### Your assignment
Only the pictures are dropped. Restate each line below word for word.

### Collected data entries
Start of Block
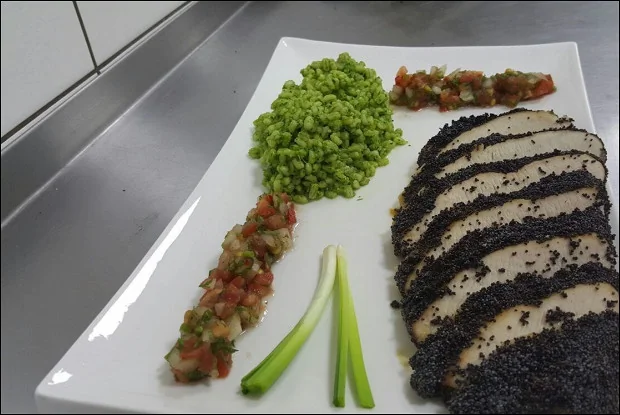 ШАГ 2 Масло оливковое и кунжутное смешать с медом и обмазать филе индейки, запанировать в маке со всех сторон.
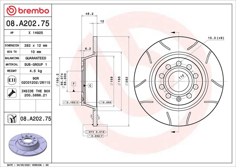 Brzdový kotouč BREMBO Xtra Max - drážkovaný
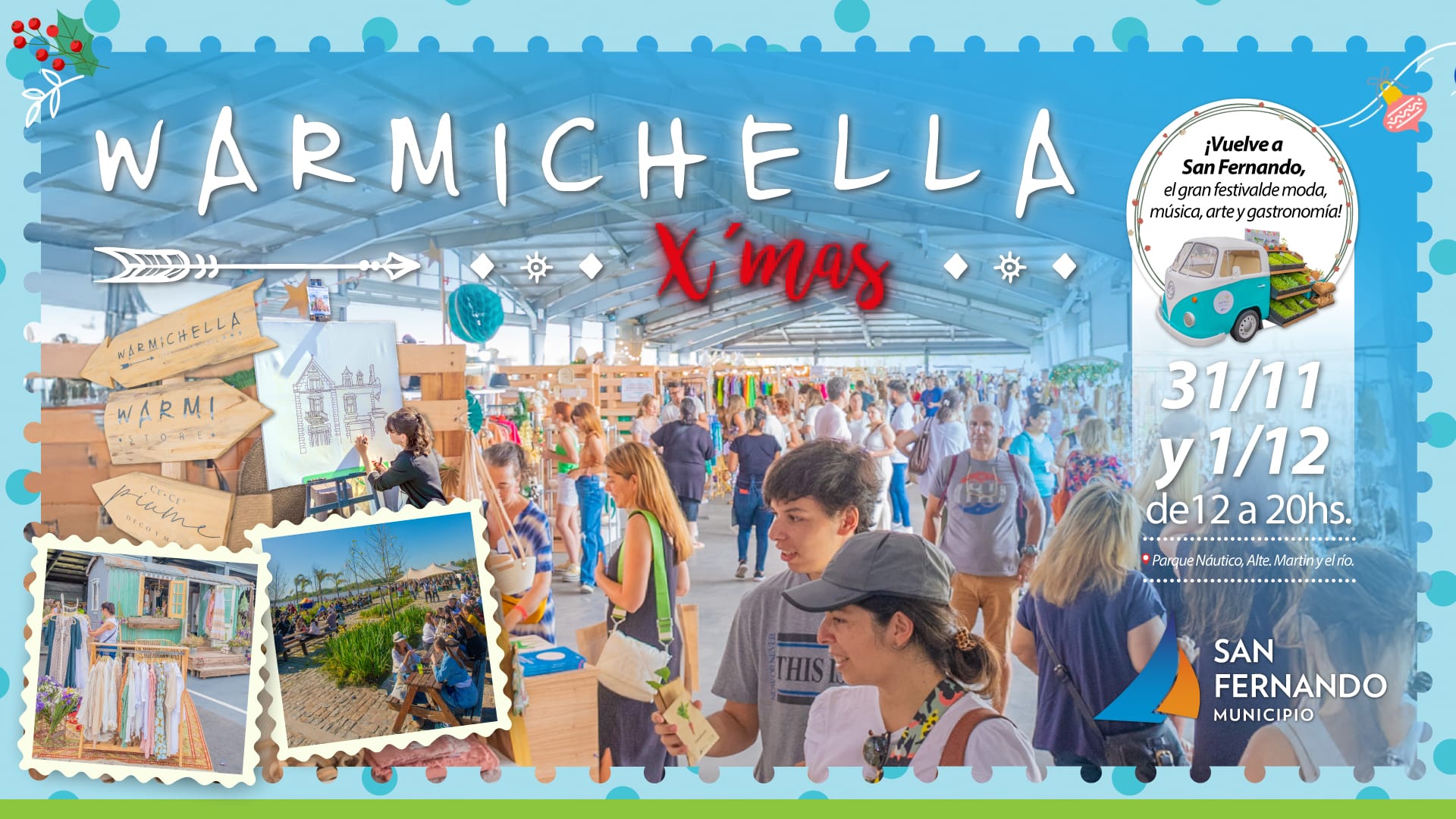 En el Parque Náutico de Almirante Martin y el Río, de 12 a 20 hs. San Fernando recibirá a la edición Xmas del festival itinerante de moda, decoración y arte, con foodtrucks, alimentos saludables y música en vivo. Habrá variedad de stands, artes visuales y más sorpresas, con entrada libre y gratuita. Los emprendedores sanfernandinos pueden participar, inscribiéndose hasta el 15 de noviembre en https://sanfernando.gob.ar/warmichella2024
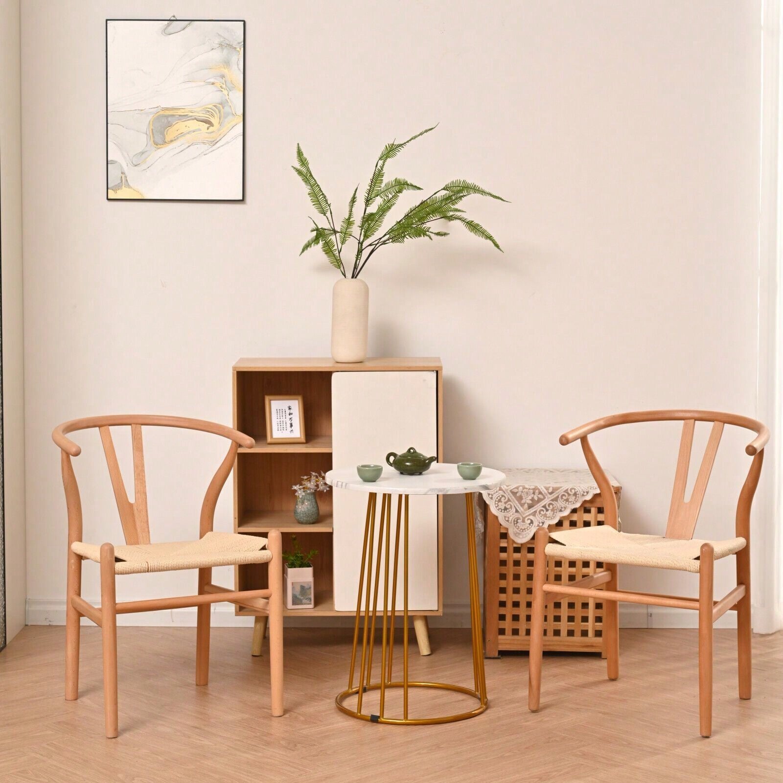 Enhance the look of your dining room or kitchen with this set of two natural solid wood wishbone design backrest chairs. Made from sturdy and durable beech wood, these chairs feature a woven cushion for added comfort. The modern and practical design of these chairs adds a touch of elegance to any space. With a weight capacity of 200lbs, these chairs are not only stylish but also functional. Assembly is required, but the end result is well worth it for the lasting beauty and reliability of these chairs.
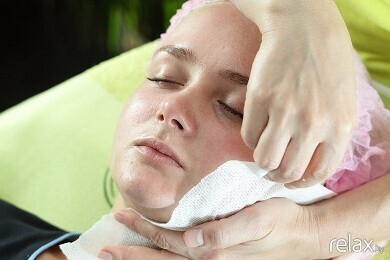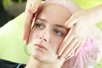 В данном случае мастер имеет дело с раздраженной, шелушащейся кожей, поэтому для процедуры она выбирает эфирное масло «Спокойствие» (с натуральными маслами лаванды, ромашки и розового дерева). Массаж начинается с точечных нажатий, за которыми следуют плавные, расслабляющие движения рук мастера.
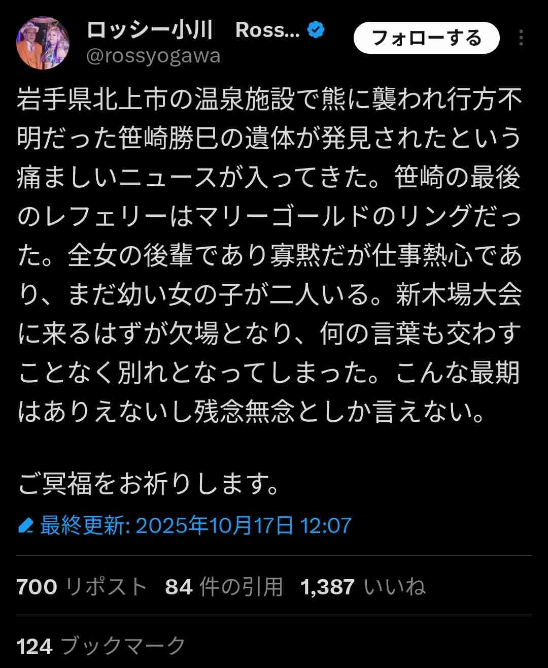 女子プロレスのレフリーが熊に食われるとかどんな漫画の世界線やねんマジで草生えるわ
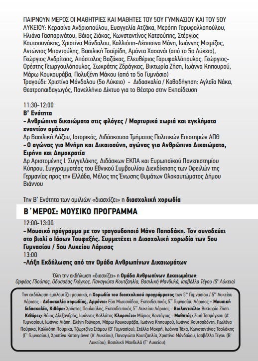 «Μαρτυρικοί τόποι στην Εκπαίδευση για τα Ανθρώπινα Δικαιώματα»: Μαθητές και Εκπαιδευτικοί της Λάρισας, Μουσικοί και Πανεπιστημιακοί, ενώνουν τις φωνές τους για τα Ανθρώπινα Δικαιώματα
End of Block
### Exercise solution
 ШАГ 2 Масло оливковое и кунжутное смешать с медом и обмазать филе индейки, запанировать в маке со всех сторон.
 Brzdový kotouč BREMBO Xtra Max - drážkovaný
 En el Parque Náutico de Almirante Martin y el Río, de 12 a 20 hs. San Fernando recibirá a la edición Xmas del festival itinerante de moda, decoración y arte, con foodtrucks, alimentos saludables y música en vivo. Habrá variedad de stands, artes visuales y más sorpresas, con entrada libre y gratuita. Los emprendedores sanfernandinos pueden participar, inscribiéndose hasta el 15 de noviembre en https://sanfernando.gob.ar/warmichella2024
 Enhance the look of your dining room or kitchen with this set of two natural solid wood wishbone design backrest chairs. Made from sturdy and durable beech wood, these chairs feature a woven cushion for added comfort. The modern and practical design of these chairs adds a touch of elegance to any space. With a weight capacity of 200lbs, these chairs are not only stylish but also functional. Assembly is required, but the end result is well worth it for the lasting beauty and reliability of these chairs.
 В данном случае мастер имеет дело с раздраженной, шелушащейся кожей, поэтому для процедуры она выбирает эфирное масло «Спокойствие» (с натуральными маслами лаванды, ромашки и розового дерева). Массаж начинается с точечных нажатий, за которыми следуют плавные, расслабляющие движения рук мастера.
 女子プロレスのレフリーが熊に食われるとかどんな漫画の世界線やねんマジで草生えるわ
 «Μαρτυρικοί τόποι στην Εκπαίδευση για τα Ανθρώπινα Δικαιώματα»: Μαθητές και Εκπαιδευτικοί της Λάρισας, Μουσικοί και Πανεπιστημιακοί, ενώνουν τις φωνές τους για τα Ανθρώπινα Δικαιώματα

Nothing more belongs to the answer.